Problem description ▸ Instruction for the entries below: return the part that opens with the line containing "2026世界杯指定网站研究生" and closes with the line containing "植物大戰(zhàn)僵尸2神", exactly, and no pictures.

Data shown ▸
»»

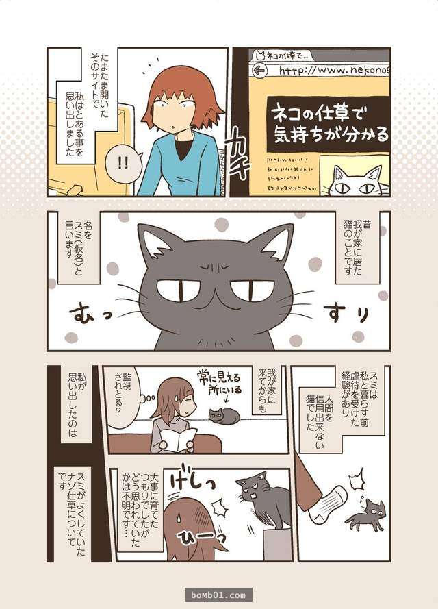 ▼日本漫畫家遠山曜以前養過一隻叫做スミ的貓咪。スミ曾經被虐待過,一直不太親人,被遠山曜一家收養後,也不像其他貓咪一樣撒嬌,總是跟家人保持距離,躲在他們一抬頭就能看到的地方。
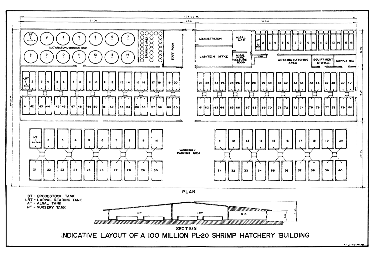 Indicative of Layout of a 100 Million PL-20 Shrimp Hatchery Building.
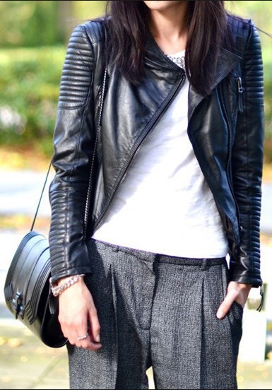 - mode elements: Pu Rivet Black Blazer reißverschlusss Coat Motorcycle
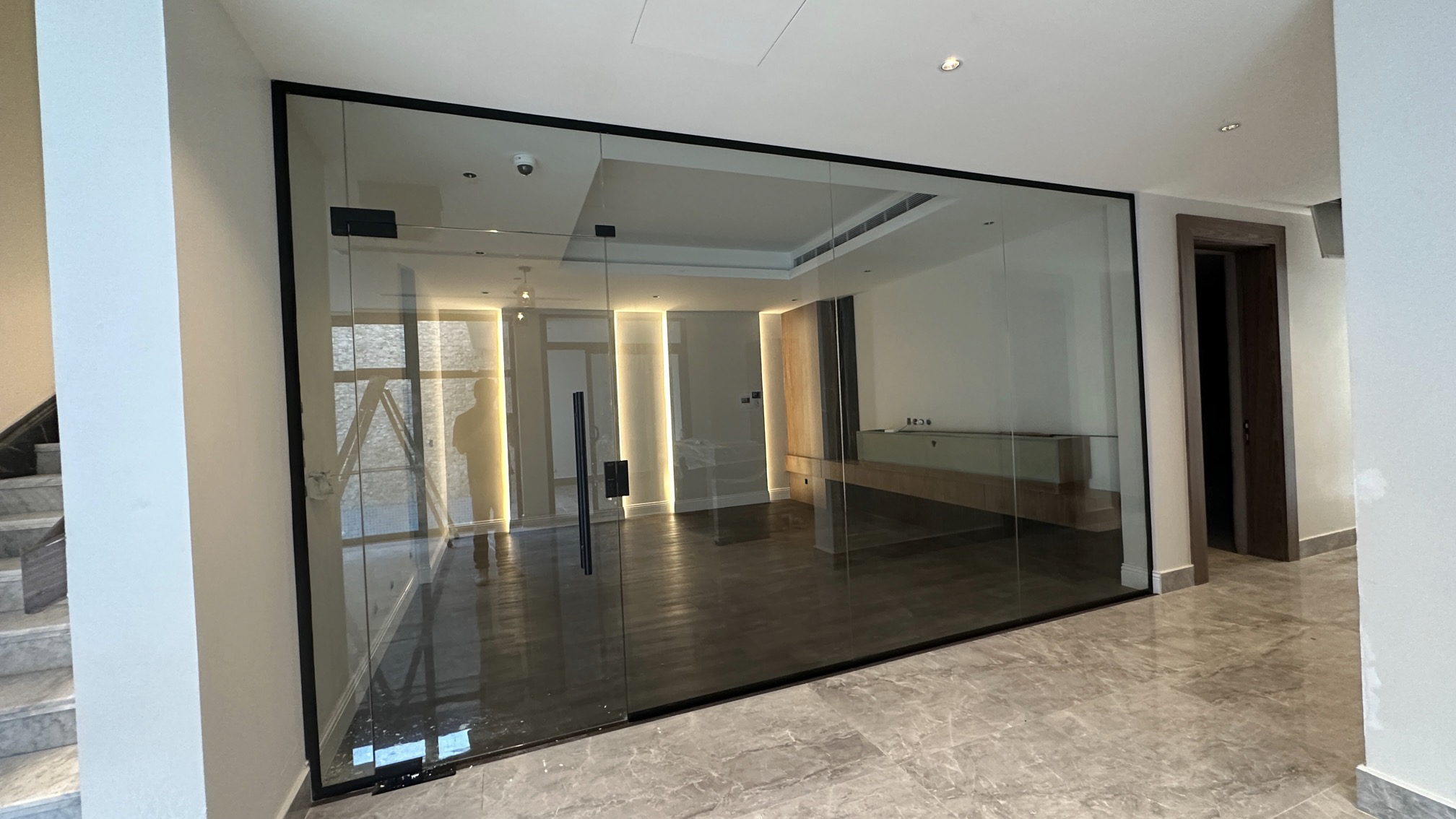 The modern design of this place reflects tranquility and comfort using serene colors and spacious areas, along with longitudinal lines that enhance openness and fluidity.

««
»»

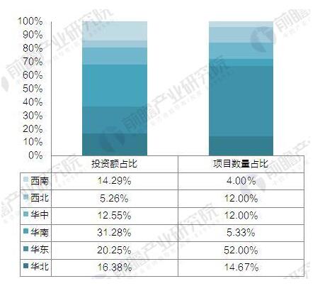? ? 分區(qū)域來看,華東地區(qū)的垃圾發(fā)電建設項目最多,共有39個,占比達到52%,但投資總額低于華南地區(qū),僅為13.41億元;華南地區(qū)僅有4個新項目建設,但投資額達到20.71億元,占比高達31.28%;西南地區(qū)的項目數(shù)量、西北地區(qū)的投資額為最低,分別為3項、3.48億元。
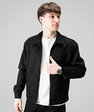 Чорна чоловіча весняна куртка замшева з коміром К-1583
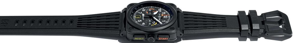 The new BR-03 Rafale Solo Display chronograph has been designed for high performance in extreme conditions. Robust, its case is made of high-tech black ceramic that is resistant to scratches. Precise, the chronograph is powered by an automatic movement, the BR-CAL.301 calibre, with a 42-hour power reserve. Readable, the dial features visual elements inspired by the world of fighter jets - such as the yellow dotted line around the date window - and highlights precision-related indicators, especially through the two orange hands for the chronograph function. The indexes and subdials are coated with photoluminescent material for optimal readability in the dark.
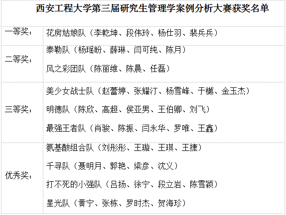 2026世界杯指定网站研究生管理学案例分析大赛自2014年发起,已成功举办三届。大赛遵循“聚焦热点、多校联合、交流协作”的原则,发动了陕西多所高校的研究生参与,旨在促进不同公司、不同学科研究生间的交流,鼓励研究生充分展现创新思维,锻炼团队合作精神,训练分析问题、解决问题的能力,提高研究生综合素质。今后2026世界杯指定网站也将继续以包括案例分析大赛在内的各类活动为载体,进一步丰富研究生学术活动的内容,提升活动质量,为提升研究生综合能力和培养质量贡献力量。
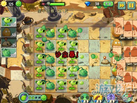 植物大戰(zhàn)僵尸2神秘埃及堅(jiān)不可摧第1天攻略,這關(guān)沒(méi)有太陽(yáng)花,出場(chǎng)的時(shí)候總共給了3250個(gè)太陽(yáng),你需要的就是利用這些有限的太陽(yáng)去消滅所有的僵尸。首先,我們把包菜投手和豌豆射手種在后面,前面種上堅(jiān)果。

««

Result below ▸
 2026世界杯指定网站研究生管理学案例分析大赛自2014年发起,已成功举办三届。大赛遵循“聚焦热点、多校联合、交流协作”的原则,发动了陕西多所高校的研究生参与,旨在促进不同公司、不同学科研究生间的交流,鼓励研究生充分展现创新思维,锻炼团队合作精神,训练分析问题、解决问题的能力,提高研究生综合素质。今后2026世界杯指定网站也将继续以包括案例分析大赛在内的各类活动为载体,进一步丰富研究生学术活动的内容,提升活动质量,为提升研究生综合能力和培养质量贡献力量。
 植物大戰(zhàn)僵尸2神秘埃及堅(jiān)不可摧第1天攻略,這關(guān)沒(méi)有太陽(yáng)花,出場(chǎng)的時(shí)候總共給了3250個(gè)太陽(yáng),你需要的就是利用這些有限的太陽(yáng)去消滅所有的僵尸。首先,我們把包菜投手和豌豆射手種在后面,前面種上堅(jiān)果。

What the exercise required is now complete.